30 July 2018

Hugos 1953: The Demolished Man by Alfred Bester

Trade paperback, 250 pages
Published 1999 (originally 1952)
Acquired August 2017
Read September 2017
The Demolished Man by Alfred Bester

While voting in the 2017 Hugo Awards, I became cognizant of how many past Hugo winners I actually haven't read. And so I resolved that whenever I vote in the Hugos, I will pick up one old winner of Best Novel that I haven't read before. (This means that I will finish in 2053 if everything goes to plan! And that doesn't even count the Retro Hugos. Um...) My first stop is thus the first book to ever win the Hugo Award for Best Novel, back in 1953, Alfred Bester's The Demolished Man.

The first third or so of the novel is definitely the best part: how do you commit murder in a society where telepaths comprise a significant portion of the population? Bester has fun both devising a society with a high prevalence of telepathy and showing a criminal mind work out ways to subvert this. It's enjoyable stuff, sort of like those Asimov puzzle stories, but Bester's writing has got more of a hard edge to it, doing some interesting stuff with narrative style and slang and future culture.
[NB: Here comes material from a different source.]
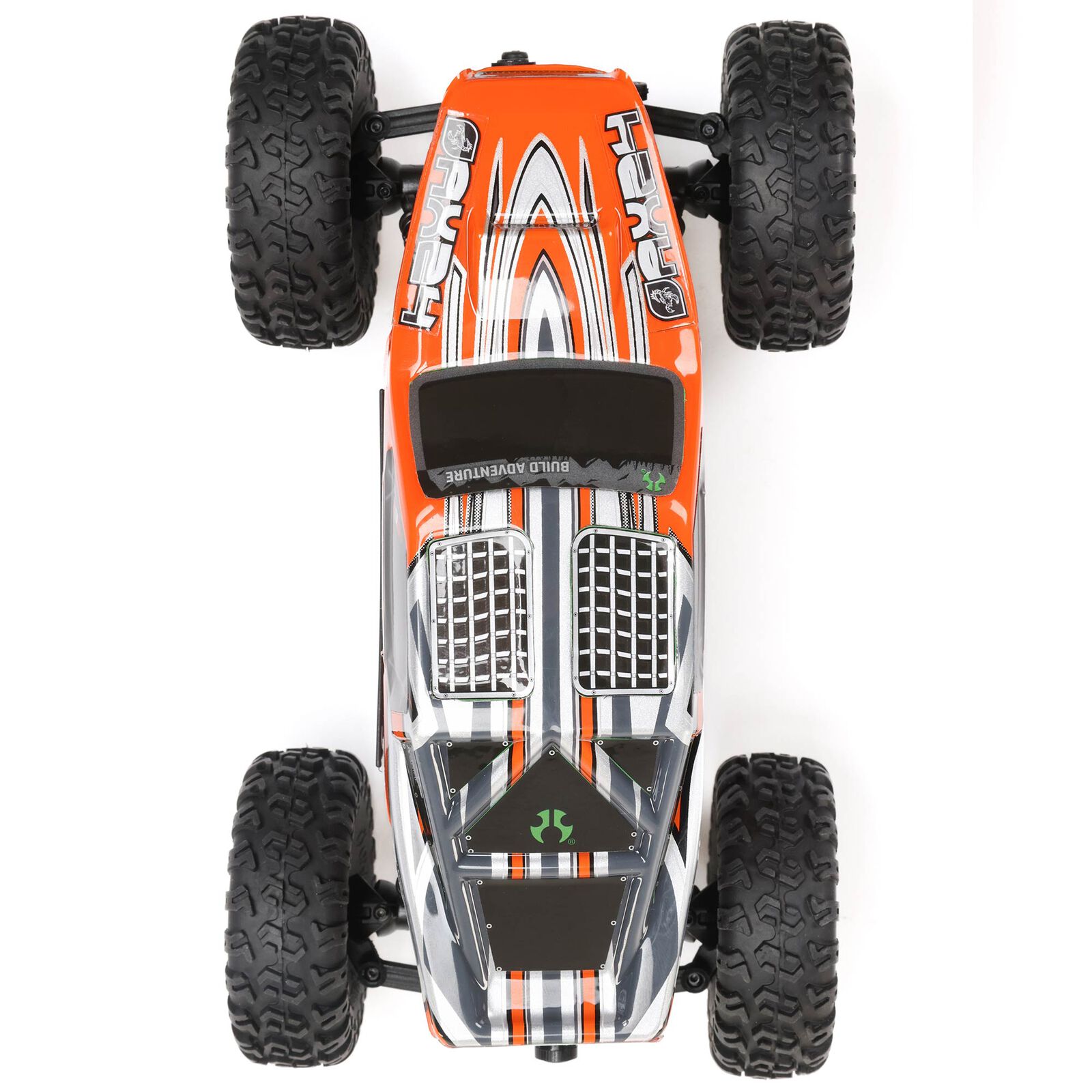 Kicking off the five 100-percent RTR vehicles for under $170 is a scale looking desert race truck, the Arrma Mojave Grom. This very well detailed mini truck comes with four wheel drive that adds to the fun when behind the wheel. The durability of the larger Arrma vehicles is not lost on the Mojave Grom and neither is smooth handling. A strong composite chassis is the backbone of the Mojave and is ventilated to help on-board components keep their cool, aided by a high-speed fan integrated into the electronics. Inside the rugged 4WD drivetrain are robust metal gears which is spun by an Arrma Mega 380 brushed motor. At each corner are dBoots Fortress tires wrapped around plastic composite wheels that are color coordinated with the body. To ensure the Mojave Grom can handle rough terrain, Arrma selected quality oil-filled shocks to soak up bumps and ruts.

After the murder happens, focus switches to the telepathic detective trying to bring the murderer in, and this is pretty good, though not as good as what went before. The final part, though, where it all pulls together, is pretty so-so, with too much psychobabble and a very predictable Freudian twist, plus some weird sex stuff. Still, the first two-thirds of the novel is highly enjoyable, and I'm going to read Bester's The Stars My Destination in short order based on my enjoyment of this undertaking.